Seeing Double

When I first came to Cameroon in January 2012, I descended onto the tarmac in the hot, smoky night of Yaounde and understood that I was in a very different world than that of Paris or Boston.

One month shy of a year, I have returned to the same city, knowing that the familiarity and comfort of home await me far more than they do in Paris or Boston.

And yet, Yaounde is not a place that many Americans would call comforting or home-like. Before I even left for Yaounde, I knew that the ten weeks I would spend as a U.S. Embassy employee would be lived from a different perspective than that of a study-abroad student.

I couldn’t help but replay my very first night in the city as I arrived for the second time: As 20-year old Nina arrived in light summer wear and chatted up the French backpackers in the visa line, 19-year old Nina stood silently in a gaggle of chattering American girls. 19-year-old Nina was still sorting out baggage as 20-year old Nina grabbed her suitcase and hopped into the air-conditioned sedan the Embassy had sent. Phantom Nina was sweating along in a madly swerving safari bus as real Nina arrived in front of a paradisical white apartment, balconies glowing behind palm trees and a substantial amount of coiled razor wire. Real Nina sat on the tiles of her first apartment and imagined the city around her: Bastos, so near, with its airy villas and hard-partying friends, then further away, the call to prayer of Briqueterie, Centre Ville’s nightmare of vehicles and Biyem-Assi: home.

But it was not home any more. This time, I was free: no host family to break down my door at six in the morning, no motos clanking along outside, no neighboring eating houses. I was free to invite friends over, go on walks, wear and eat and say and think what I wanted. That’s the beauty of being an adult. I’ll take the responsibility of work and the pain of living unprotected for the right to be who I am.

But back to real Nina. I sat on the floor and envisioned all the pineapples I would buy.
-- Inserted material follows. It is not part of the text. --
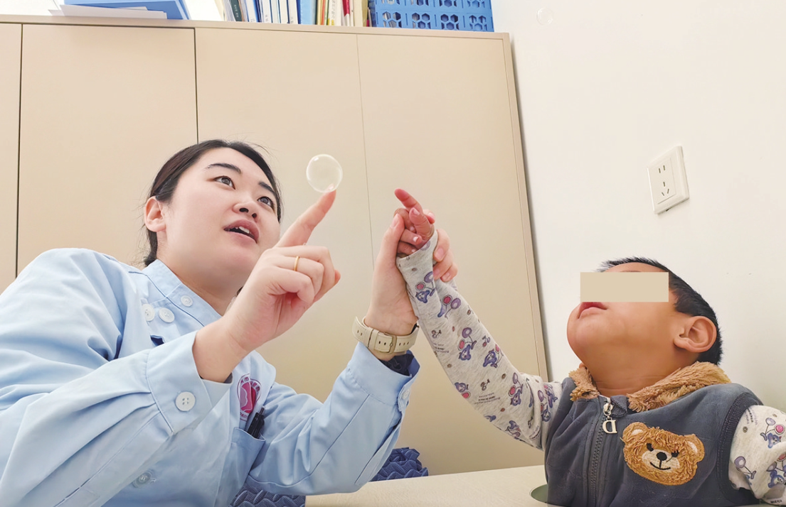 康復(fù)治療師通過引導(dǎo)孩子指認(rèn)肥皂泡,進(jìn)行感覺統(tǒng)合訓(xùn)練。記者唐志梅攝

They would fill up my counter, my kitchen floor, my nice wooden cabinets, like a veritable Cameroonian pineapple forest. I would call all my friends and family in Yaounde and they would arrive by the hundreds. I would feed them pineapple. The next day, I called my driver and had him bring me over to Rond-point Express in Biyem-Assi. I bought pineapples.

But back to my job.

Working at the U.S. Embassy Yaounde is like working in a little American fortress. And that’s what it is, more or less. Once you get past the gates, guards and metal detectors, you’re in a green-lawned, well-built, air-conditioned, American flag-flying oasis of U.S.A-ness. People speak English, wear suits, and are on time. Even the neighborhood, which is home to many other embassies as well as my apartment, is far more calm and green than the rest of Yaounde.

Working at the Embassy in Yaounde means living between two worlds. Instead of a cold bucket of water to wash myself with, I have a hot shower every morning. Instead of cockroaches and red dirt, I have glass patio doors and hibiscus hedges. Instead of an underfed cousin sitting at the gate, there’s a guard in a uniform. Phones and internet at the Embassy always work. No one smells bad. You can even get hamburgers or grilled cheese at the cafeteria.
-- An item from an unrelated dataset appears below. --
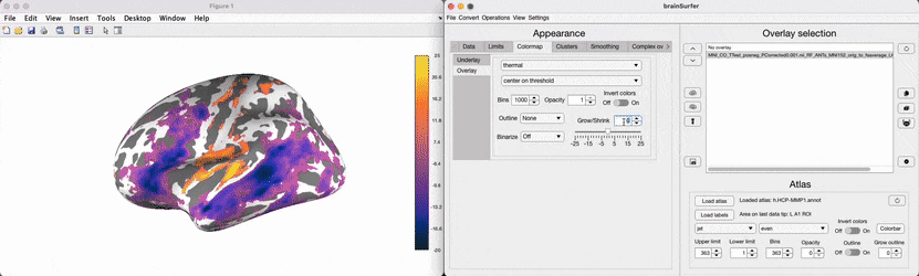 Note, BrainSurfer comes with some other save states for quickly loading fsaverage templates other than the inflated version that gets automatically generated when using the GUI buttons.

As a representative of the U.S. Mission to Cameroon, I’m required to take a lot more precautions than I did as a student. Suddenly taxis and motor bike taxis, which I took habitually to get around, become highly discouraged means of transportation. Instead, I’m supposed to call my car and driver any time I want to go somewhere. My apartment has around-the-clock guards, walls, and an electronic security system. Everything locks. Walking alone during the day is discouraged too, and walking alone at night, while never a brilliant idea, is now a definite no-no.

 Then, I go out into what I consider to be the “real” Cameroon. There’s a moment of shock during every foray where I jump out of my Embassy ride and find myself swept along by the P-Square blasting from the roadside bars and have to dodge swerving taxis. This is the Cameroon I know and love, but it’s an uncomfortable transition. Here’s the thing: when you haven’t showered for three days, it doesn’t bother you so much that no Cameroonian has, either.The heat and mugginess of the streets is positively reliving after the sweating you were doing with five strangers in a beat-up taxi. But plunge into all that from serene, air-conditioned, well-sealed Embassy land, and you’re liable to feel a bit out of place.

But only for a moment. After all, there are pineapples to be bargained for.